Anda pernah melakukan posting Twitter tentang keluhan kesehatan Anda? Ternyata Anda tidak sendirian. Sebagian besar pengguna Twitter di seluruh dunia pernah melakukan hal yang sama. Dan hal ini dijadikan subjek penelitian oleh ilmuwan komputer di Universitas John Hopkins Amerika Serikat seperti yang dilaporkan pada socialmediatoday.com. Mereka berharap dapat menemukan issue baru tentang kesehatan masyarakat yang diwakilkan oleh para pengguna Twitter ini. Dan ternyata ada fakta-fakta menarik yang mereka temukan dari hasil penelitiannya.

Berdasarkan data sebanyak hampir 1,5 juta posting Twitter yang mereka pelajari – seluruhnya berhubungan dengan kesehatan pengguna Twitter selama tahun 2009 dan 2010 – mereka  menemukan bahwa pada umumnya, orang-orang melakukan diagnosa dan perawatan sendiri saat mereka sakit yang kebanyakan tidak tepat. Hingga akhirnya mereka memutuskan untuk mengkonsumsi obat yang juga tidak benar dan tidak sesuai dengan penyakit mereka.

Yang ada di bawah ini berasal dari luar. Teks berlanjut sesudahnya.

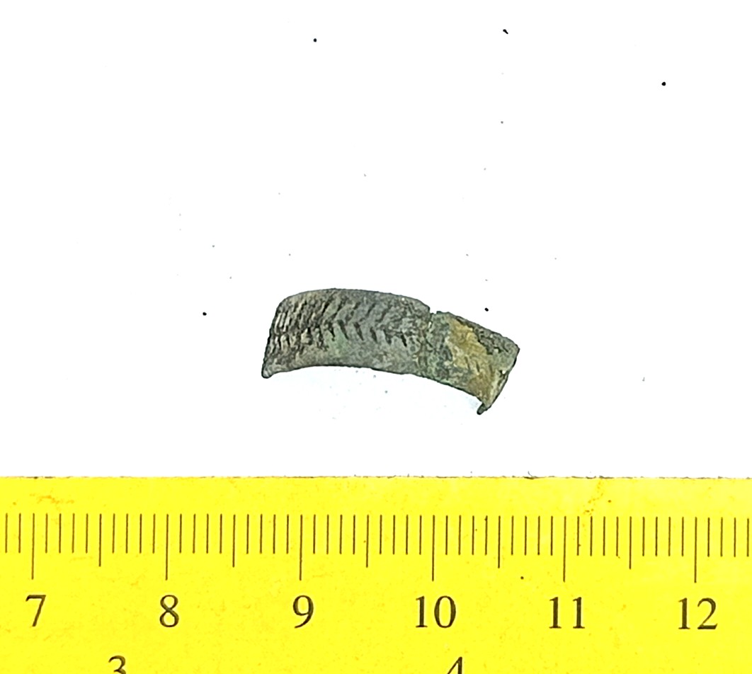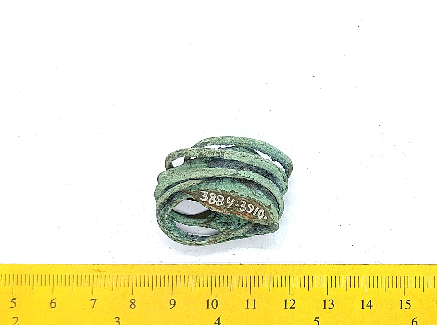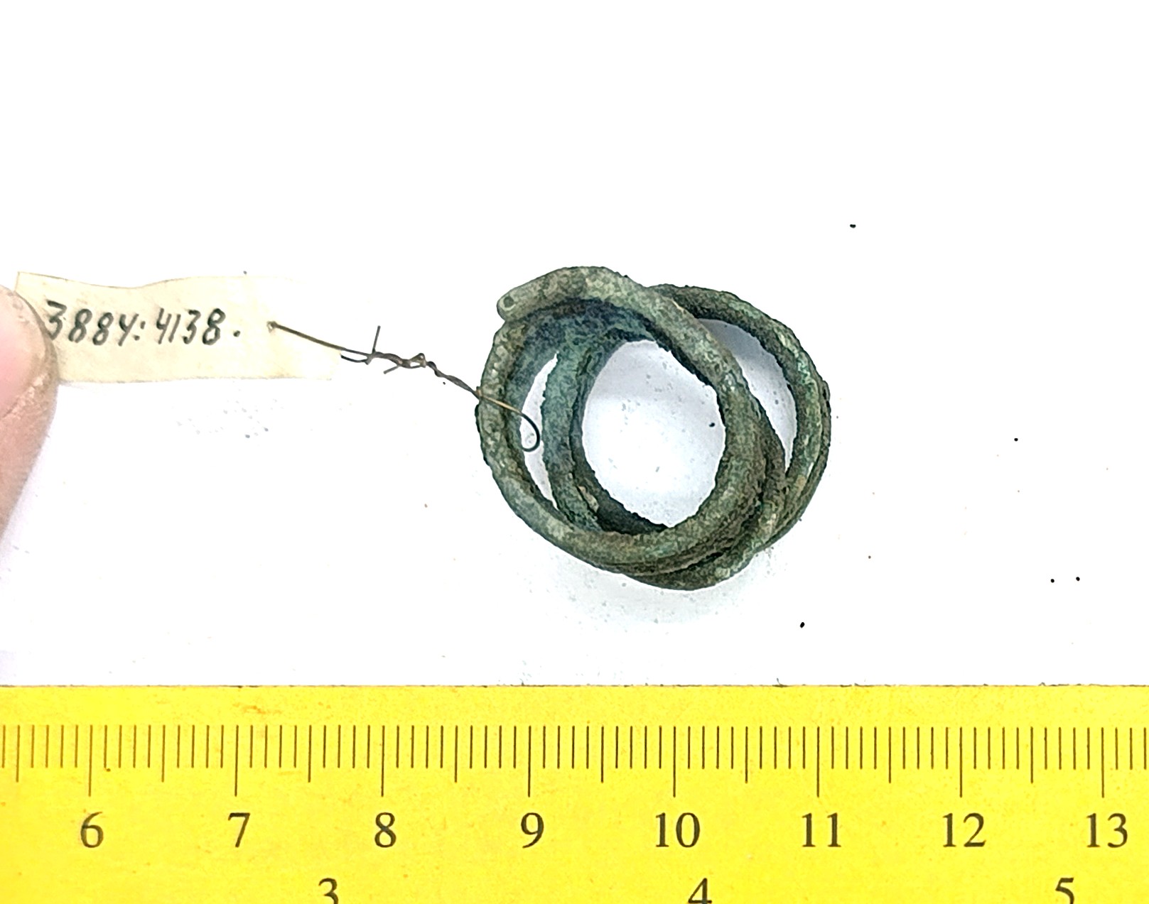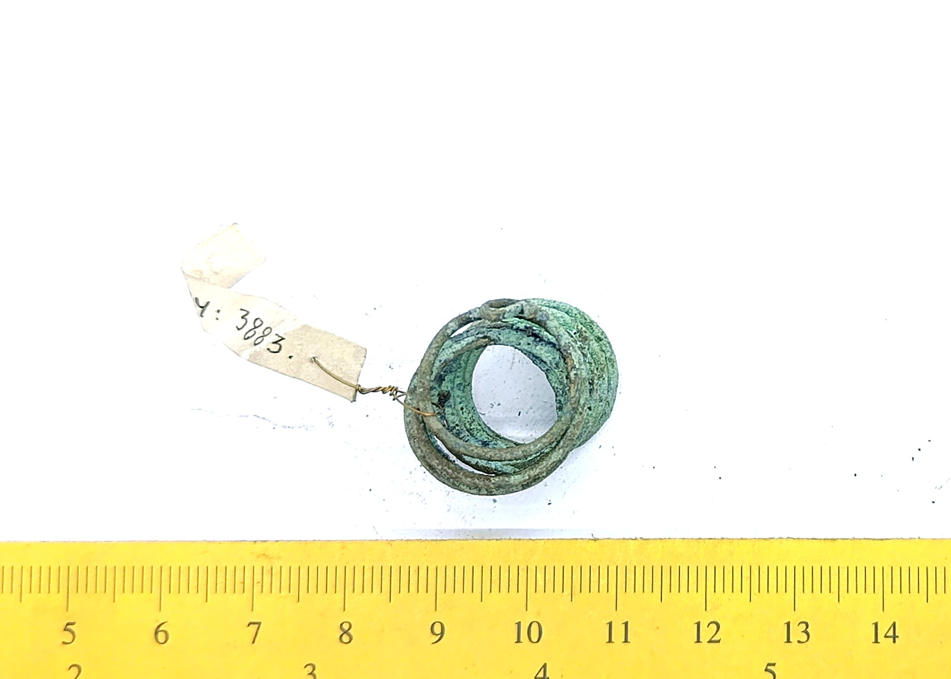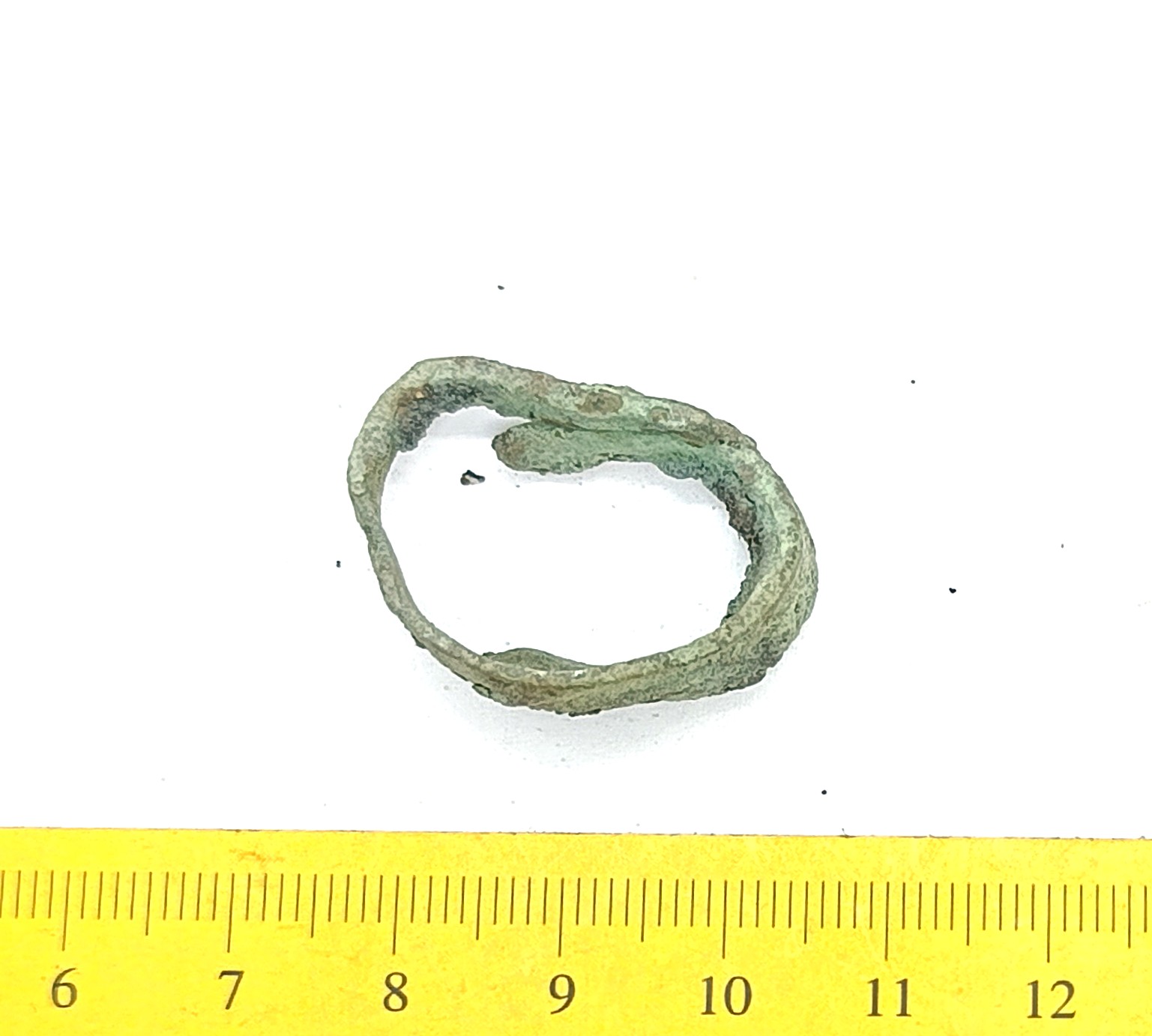 Laieneva keskosaga spiraalsõrmus, vasesulam. Sellised spiraalsõrmused olid levinud Ida-Läänemere rannikualadel ning Loode-Venemaal (Mägi 2002, 108; Valk & Laul 2014, 120-121).
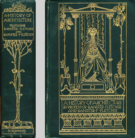 バニスター・フレッチャーの『フレッチャー建築史』第5版の背と表紙 (1905)。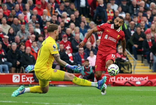 Mohamed Salah bikin gol saat Liverpool menang 2-0 atas tamunya Brentford di pekan kedua Liga Inggris, Minggu (25/8) malam WIB (Reuters)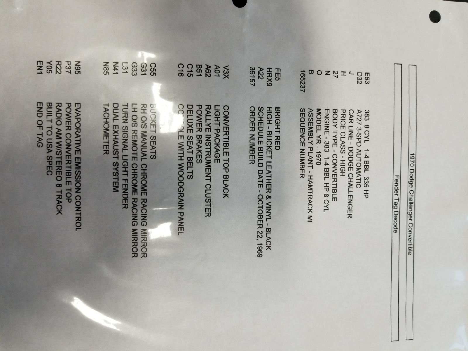 1970 DODGE CHALLENGER 383 CONVERTIBLE BUILD SHEET The Electric Garage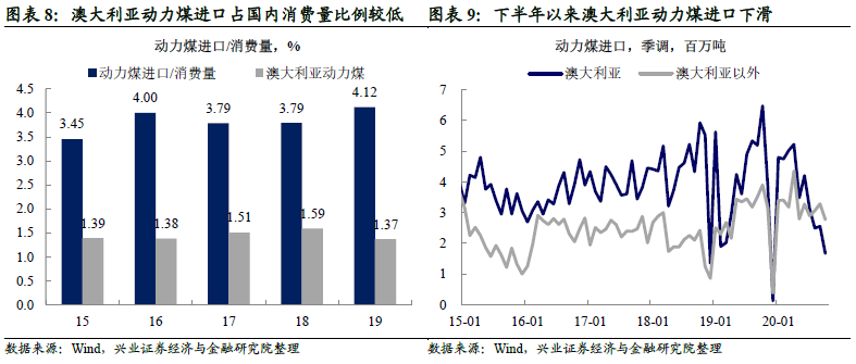 澳煤进口下滑,但整体占比较低,有边际影响但不是重要因素。今年下半年动力煤进口有所下滑,其中澳大利亚动力煤进口下滑比较明显,其他国家(或地区)动力煤进口变化相对不大。但煤炭进口占国内煤炭消费量比例并不高,2019年,动力煤进口占国内消费量比例4.12%,澳大利亚动力煤占比仅为1.37%。由此来看,虽然澳大利亚动力煤进口下滑,但对国内动力煤供需的影响较小,不是影响煤炭供给的重要因素。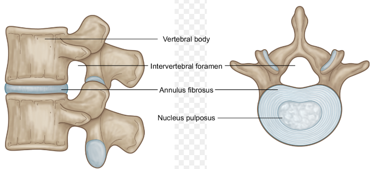 -> 경추(목뼈), 흉추(등뼈), 요추(허리뼈), 천추(엉치뼈) 사이에 척추 분절사이에 충격 완충작용을 하며, 기차와 기차 사이에 연결되어 있는 접합부처럼 움직임을 좀 더 잘 할수있게 말캉말캉한 성질로 되어있는 조직입니다. 척추뼈 뿐만 아니라, 다른 관절 부위에도 디스크(추간판)가 존재하는데, 대표적으로 쇄골과 턱관절에도 존재합니다.
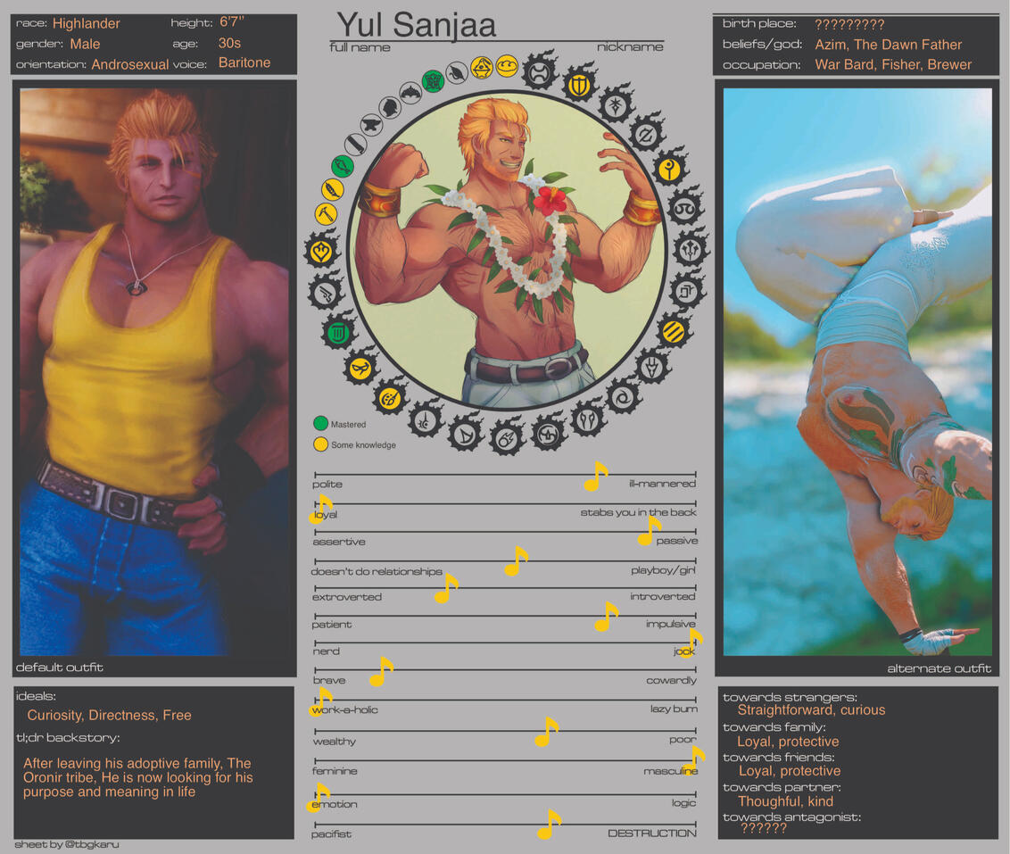 Yul comes from a culture where "toxic masculinity" has been the norm for a long time, affecting individuals regardless of their gender or sex. In his tribe, identities have traditionally been categorized as "Aggressive/Passive/Neutral" rather than being based on gender expression. However, after living in Eorzea and interacting with others, he has come to realize that gender identity is more complex. He is eager to learn, be open-minded, and show respect to others regarding their gender identity.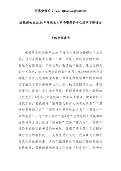【七哥公文】2025年:统战部长在2024年度民主生活会暨理论中心组学习研讨会上的交流发言+更多免费公文+VX:QiGeGongWen2024+更多免费公文+VX:QiGeGongWen2024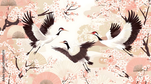 © Jojo*, Obraz premium Three Elegant Cranes Soaring Amidst Cherry Blossoms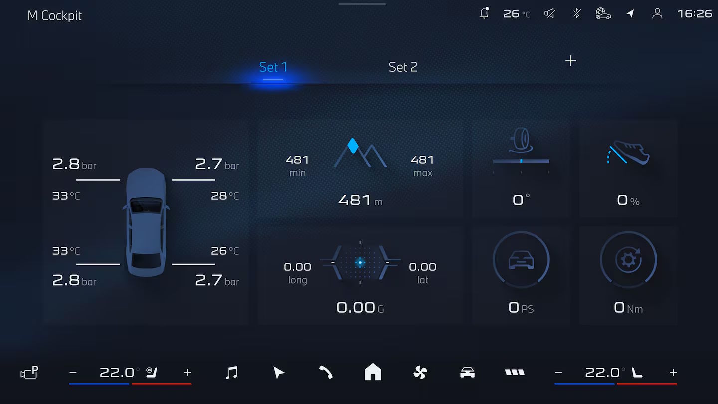 - M Cockpit: Gør din skærm til et kontrolcenter. Her kan du se alt om bilens teknik i realtid, lige fra hvordan undervognen arbejder til præcise data om motoren. Du kan selv designe op til fem forskellige visninger, så du ser præcis de tal, du synes er spændende.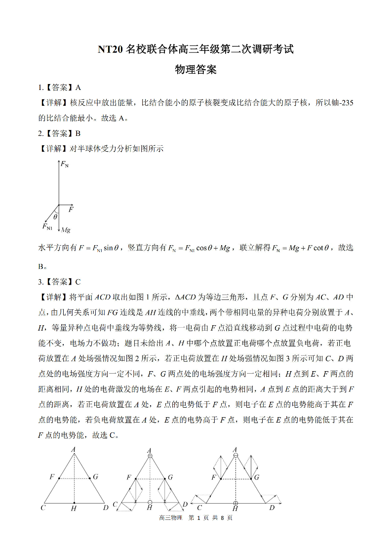 河北省NT20名校联合体2025届高三年级第二次调研考试物理答案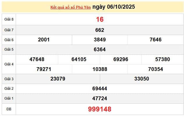 XSPY 6/10, KQXSPY 6/10. Xem lại kết quả xổ số Phú Yên ngày 6/10/2025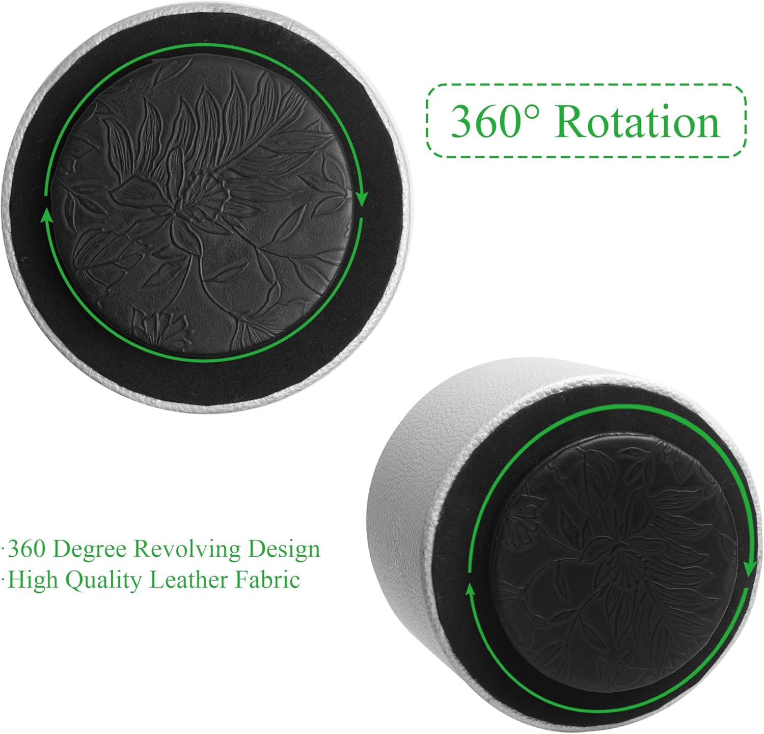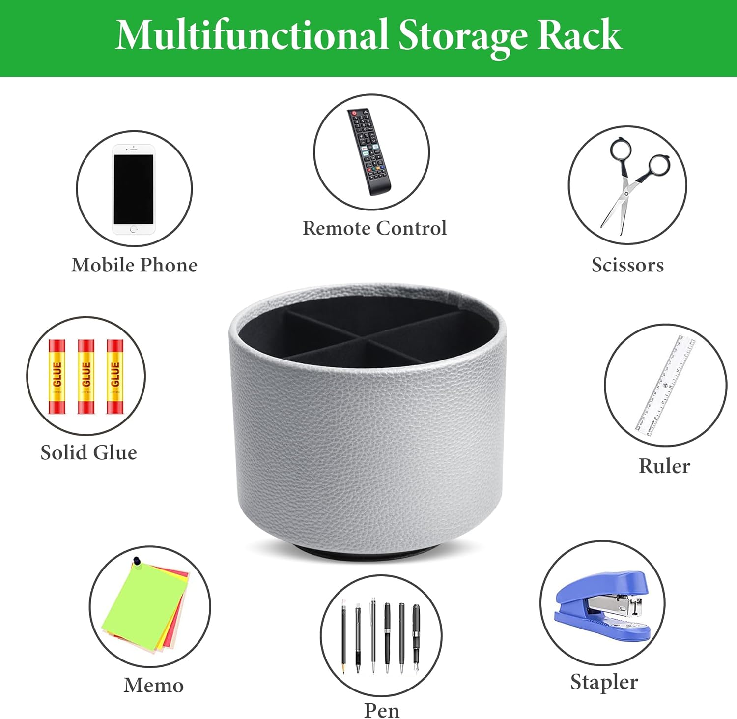 Hennaja Round Leather Art Supply Organizer,Remote Control Holder,360 Degree Spinning,Multi-Functional Pencil Holder,4 Compartments Desktop Stationary Organizer(1-Lichee Silver)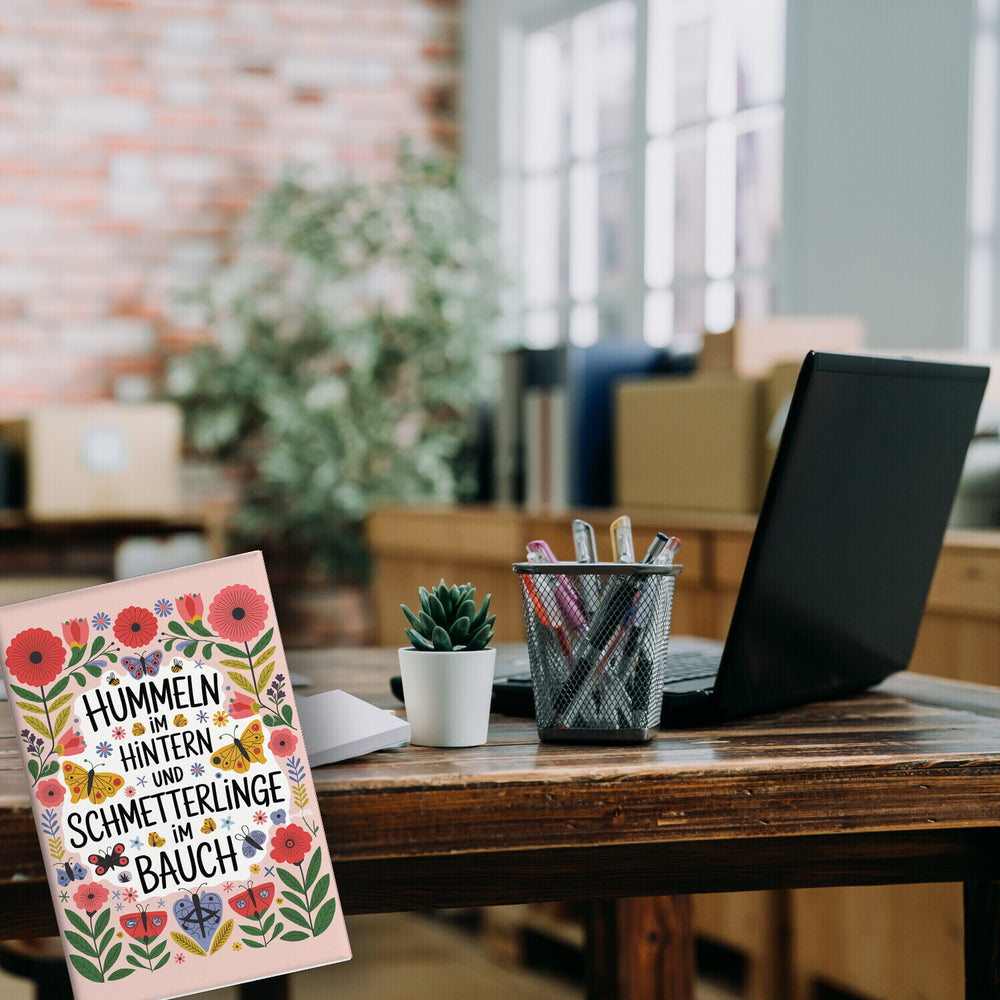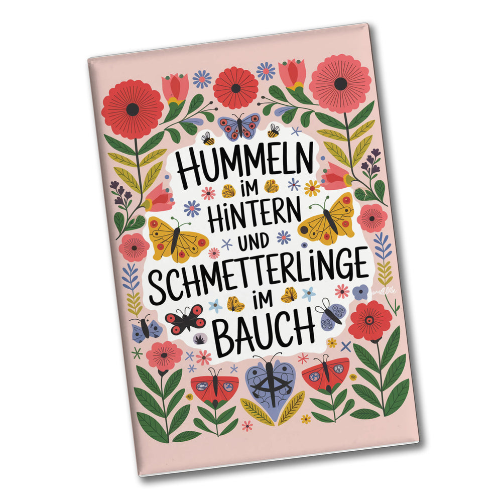 - Entdecken Sie den Hummeln im Hintern Schmetterlinge im Bauch Souvenir Magnet! Dieses eckige Magnetwunder vereint Blumen, Schmetterlinge und Bienen in einem lebhaften, farbenfrohen Design. Pinke und rote Blüten mit grünen Blättern tanzen um den spaßigen Spruch. Gelbe, blaue und lila Schmetterlinge sowie schwarz-gelbe Bienen verleihen dem Bild einen natürlichen, verspielten Touch.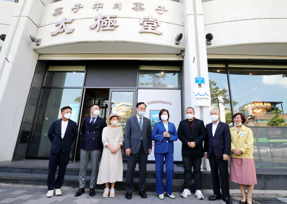 11일 오후 서울 중구 태극당에서 열린 ‘백년가게’ 현판식에서 박영선(왼쪽 다섯 번째) 중소벤처기업부 장관이 태극당 관계자들과 기념사진을 찍고 있다. 백년가게는 올해부터 국민추천제를 실시해 태극당이 국민추천 1호점으로 선정됐다. 모나카 아이스크림, 단팥빵, 전병 등을 판매하는 태극당은 1946년 창업했다.

“Twitter menunjukkan adanya kesalahpahaman medis yang serius. Kami menemukan beberapa orang mem-posting bahwa mereka mengkonsumsi antibiotik untuk menyembuhkan flu mereka. Akan tetapi antibiotik tidak menyembuhkan flu, yang disebabkan oleh virus, dan perilaku ini justru berkontribusi pada masalah resistensi antibiotik yang lebih besar.” kata Michael J. Paul, seorang mahasiswa PhD yang ikut membantu penelitian ini.

Anda bisa bayangkan, para pengguna Twitter cenderung mengobati keluhan penyakit mereka dengan sarana penyembuhan yang tidak tepat, dan mempostingnya di Twitter. Bagaimana jika ada pembaca posting yang meyakini dan menganggap hal tersebut benar merupakan solusi yang tepat untuk diaplikasikan pada dirinya sendiri? Tentu Anda tidak ingin hal tersebut terjadi pada Anda bukan?

Jika dilakukan dengan cara yang tepat, sebenarnya media Twitter ini bisa dijadikan sumber informasi kesehatan bagi masyarakat luas, mengingat bagaimana selama ini penggunanya bisa dengan cepat berinteraksi pada topik apapun. Oleh karenanya, ini saat yang tepat bagi para dokter atau praktisi kesehatan yang berkompeten dibidangnya untuk ikut terjun dalam dunia media sosial ini untuk meluruskan penyimpangan yang mungkin terjadi dan beredar di media ini.

Seperti salah satu akun yang dimiliki oleh Dr Christian Jessen (@DoctorChristian) and Dr Chris Steele (@DrChrisSteele) di Amerika Serikat. Mereka memberikan pelayanan informasi seputar kesehatan dan solusi bagi keluhan kesehatan para followernya. Dengan mendapat informasi yang tepat dari profesional yang kompeten dibidangnya, bukan saja masyarakat diuntungkan dengan solusi yang terbaik untuk keluhan kesehatannya, mereka juga dapat memperolehnya dengan gratis, dan terbuka bagi siapa saja. Akan tetapi yang perlu diingat, untuk keperluan emergency memang Twitter bukan tempat yang tepat, akan tetapi untuk saran kesehatan yang terbaik untuk kehidupan sehari-hari Anda, media ini mampu untuk menyediakannya.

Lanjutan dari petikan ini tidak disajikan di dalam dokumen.